Monday Morning Boiler Plate Blog Entry

We [drank too much]/[had too many personal fiascos]/[raped a small poodle] over the weekend. It was an experience that [left us intellectually lacking]/[has us pondering __________]/[pairing our argyles]. [Not that you would know anything about that]/[I’m sure you understand our pain]. Expect our return [next week]/[tomorrow]/[at some unspecified time]/[never], when we’ve [fully recovered]/[possessed of less self-loathing]/[prepared to eviscerate another Laura Miller column] and [visit some of the other fine folks on the [left]/[right]]/[get out of the house yourself]/[email us naked photos of yourself]. [Or not.]

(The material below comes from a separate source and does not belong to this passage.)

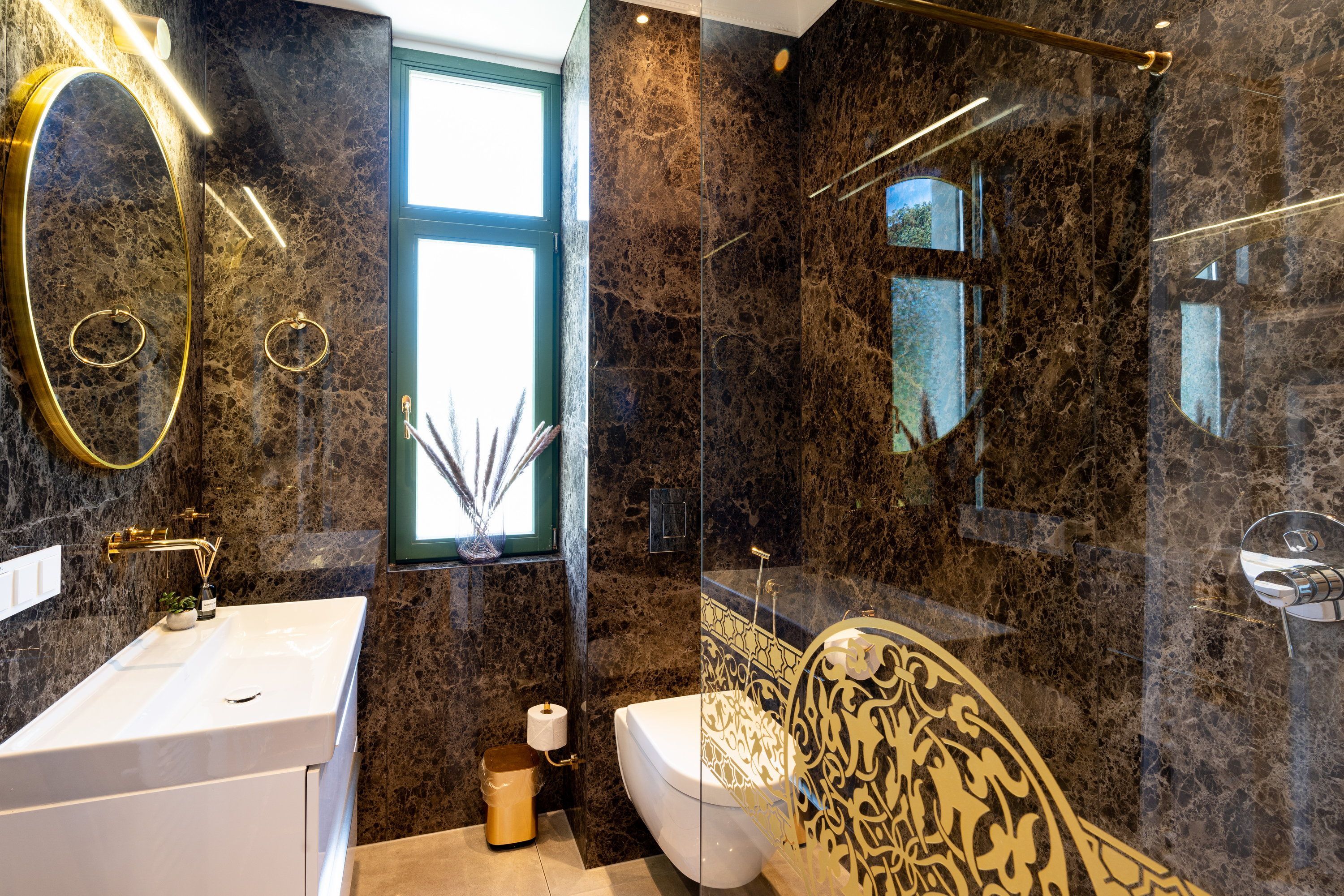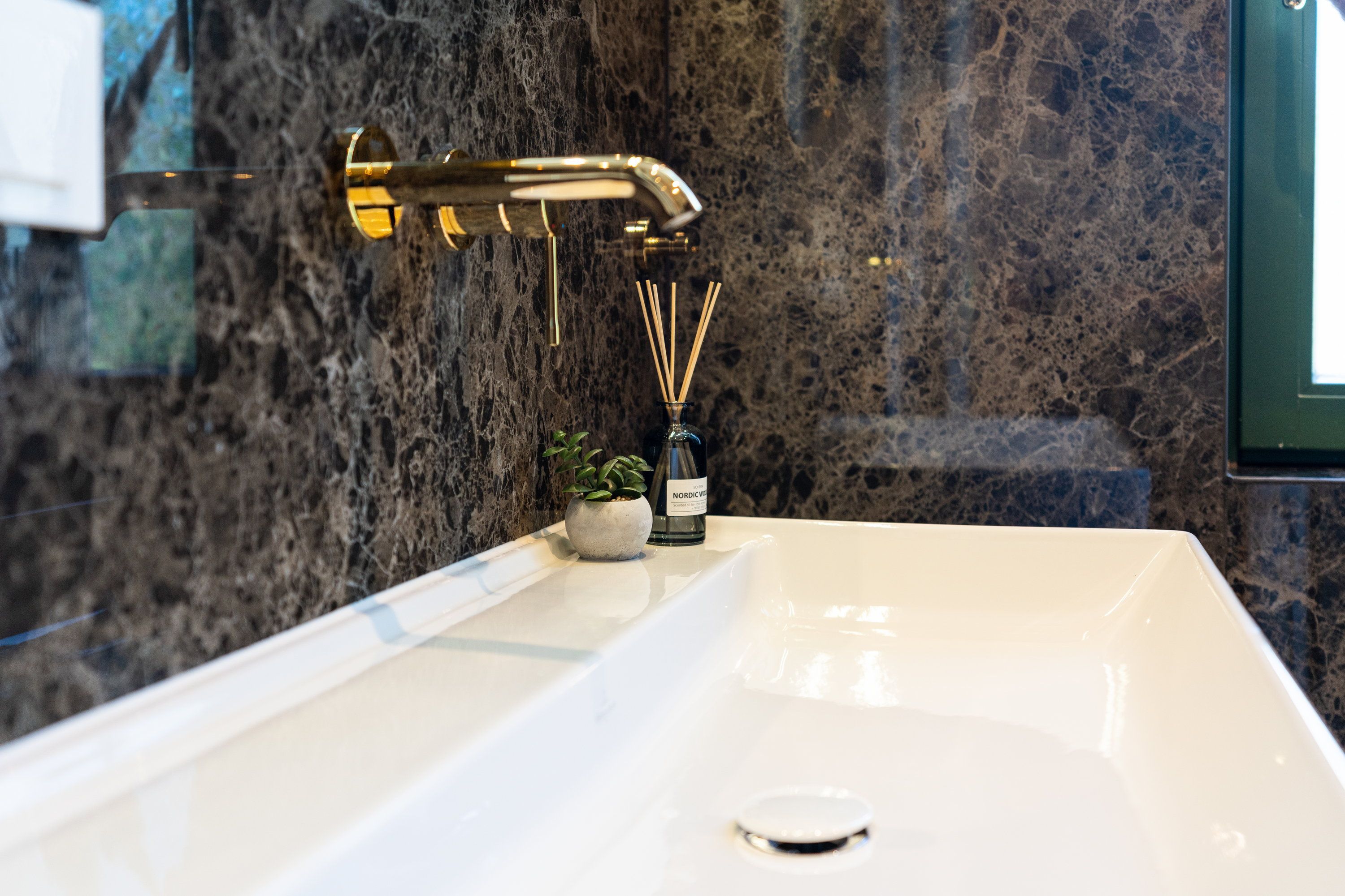 Damit Sie Ihre wohlverdiente Urlaubszeit bereits am Anreisetag in vollen Zügen genießen können, haben wir das Bett für Sie und das für Ihre lieben Mitreisenden bereits bezogen und ein Duschtuch sowie ein kleines Handtuch bereitgelegt. Das Badezimmer als Experiment, einmal mit einer auffallenderen und auch ungewöhnlicheren Farbgestaltung ein Wohlfühlgefühl de luxe zu erzeugen. Das Ergebnis kann sich sehen lassen: großformatige dunkle Natursteinfliesen gepaart mit einer hellen Badkeramik sowie Armaturen und Accessoires in Messing präsentieren nun zusammen mit einer bodengleichen Dusche den Urlaubskomfort.

Not that we’re [giving blood]/[holing up in a motel room with a .44 and a smile]/[raping another small poodle] ourselves.

Comfort Books

Terry and OGIC have fessed their comfort reading. I thought I’d add to the hue and cry, hoping that other swell folks would do the same. “Comfort reading” has been defined by our dynamic duo as anything that cools down an overheated mind. I’d stretch it a little further and define it as “anything that restores the mind back to its necessary default factory settings.” The following list is by no means a summation of my favorite writers, just the stuff that keeps me personally focused.

1. The Oz books — to restore imaginative settings.
2. Rex Stout — to restore careful balance between wiseass and logic.
3. James M. Cain — to cut the crap and get to the point.
4. Just about anything by Asimov, fiction or nonfiction (his history and science books worked wonders for me as a kid) — to describe things as clearly as possible.
5. Donald Westlake/Richard Stark — to get prose clean and subtextual.
6. Charles Dickens — to replenish color and description.
7. Terry Southern — to restore anti-establishment impulses and ballsiness.
8. John P. Marquand — to remind mind that satire comes in shades and can be accessible.
9. David Lodge — to encourage joie de vivre.
10. Ian McEwan — to respawn impulse to drown babies and revise brutally.